* [What you have to do]:
A verbatim reproduction of the lines below, from the line containing "Όταν έφτασαν έξω" through the line containing "Karlie | London", both ends included, is the whole required output.

==== Records supplied

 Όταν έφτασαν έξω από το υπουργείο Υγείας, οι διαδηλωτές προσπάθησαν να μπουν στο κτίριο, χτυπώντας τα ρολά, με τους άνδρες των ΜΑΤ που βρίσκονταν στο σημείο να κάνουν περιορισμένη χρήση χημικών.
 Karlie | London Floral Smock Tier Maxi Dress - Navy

========
==== Records supplied

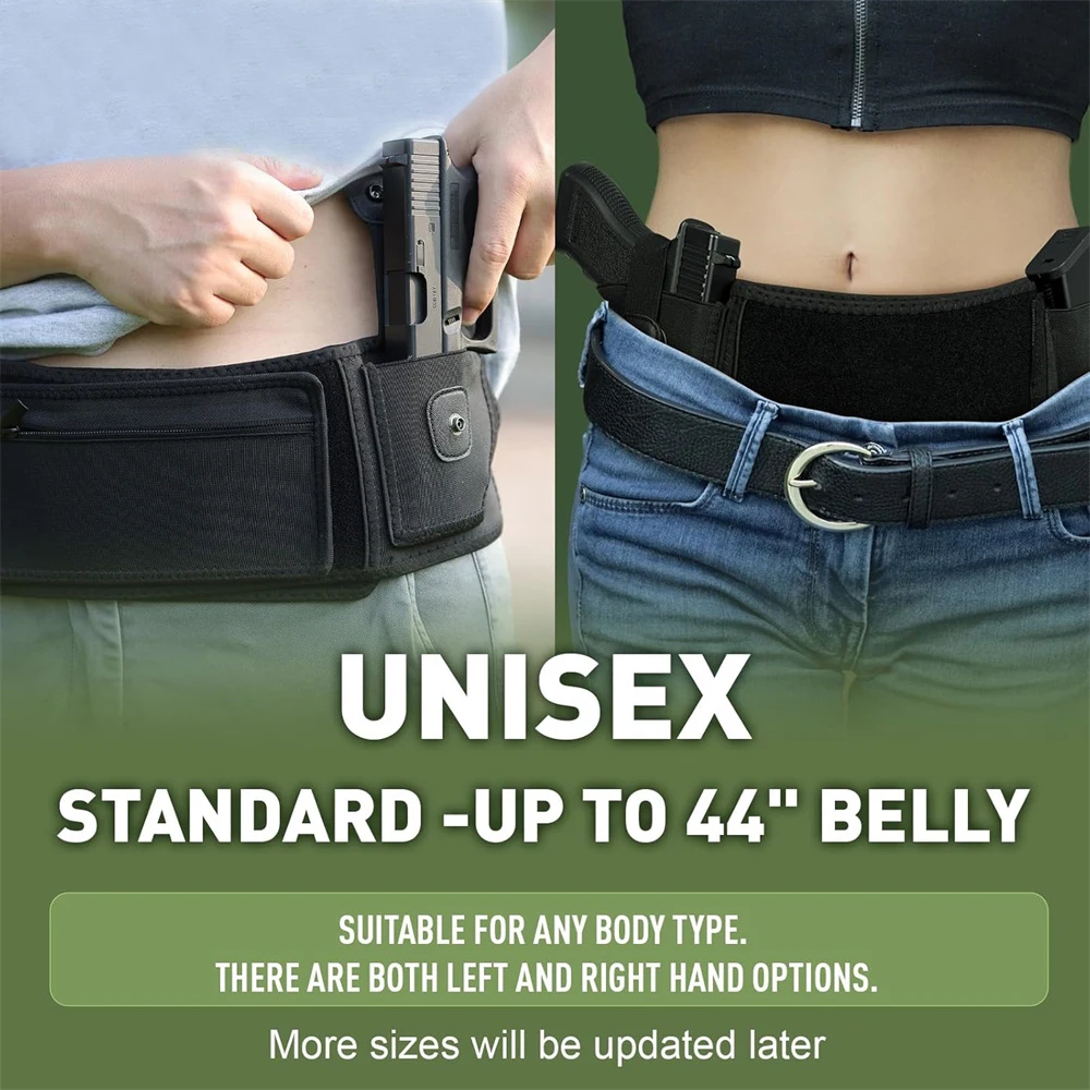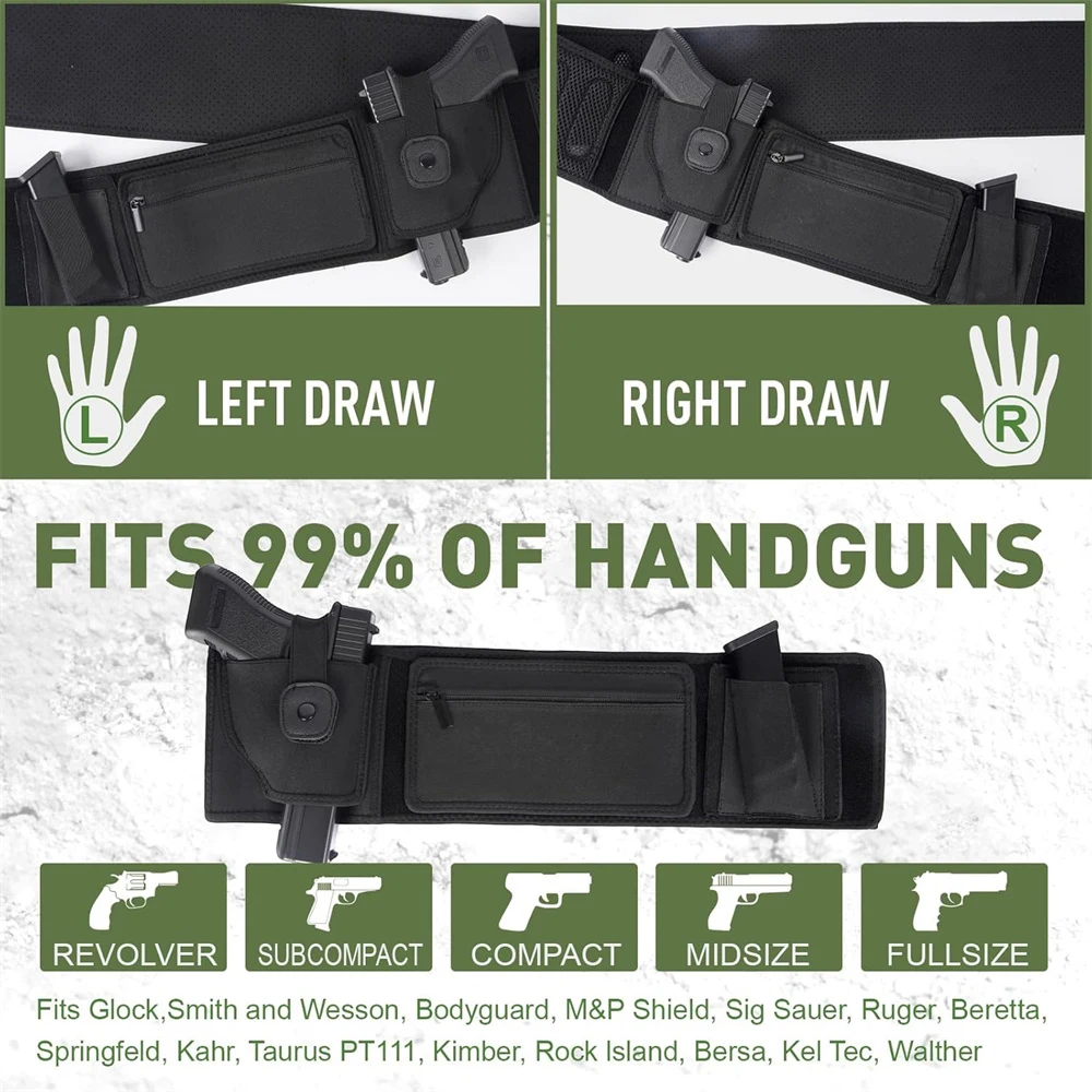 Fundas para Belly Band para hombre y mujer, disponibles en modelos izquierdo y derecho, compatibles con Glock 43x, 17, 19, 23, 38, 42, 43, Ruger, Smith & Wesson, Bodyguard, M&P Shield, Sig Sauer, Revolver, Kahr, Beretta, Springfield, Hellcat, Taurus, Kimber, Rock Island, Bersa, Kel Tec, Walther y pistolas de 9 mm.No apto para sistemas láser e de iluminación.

========
==== Records supplied

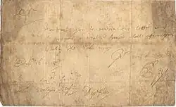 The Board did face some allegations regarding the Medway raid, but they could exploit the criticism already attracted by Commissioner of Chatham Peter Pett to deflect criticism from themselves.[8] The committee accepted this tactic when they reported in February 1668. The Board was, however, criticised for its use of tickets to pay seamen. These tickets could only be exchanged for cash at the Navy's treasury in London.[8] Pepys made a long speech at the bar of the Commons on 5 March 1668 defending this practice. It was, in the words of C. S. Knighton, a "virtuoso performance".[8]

========

* [Response below]:
 Όταν έφτασαν έξω από το υπουργείο Υγείας, οι διαδηλωτές προσπάθησαν να μπουν στο κτίριο, χτυπώντας τα ρολά, με τους άνδρες των ΜΑΤ που βρίσκονταν στο σημείο να κάνουν περιορισμένη χρήση χημικών.
 Karlie | London Floral Smock Tier Maxi Dress - Navy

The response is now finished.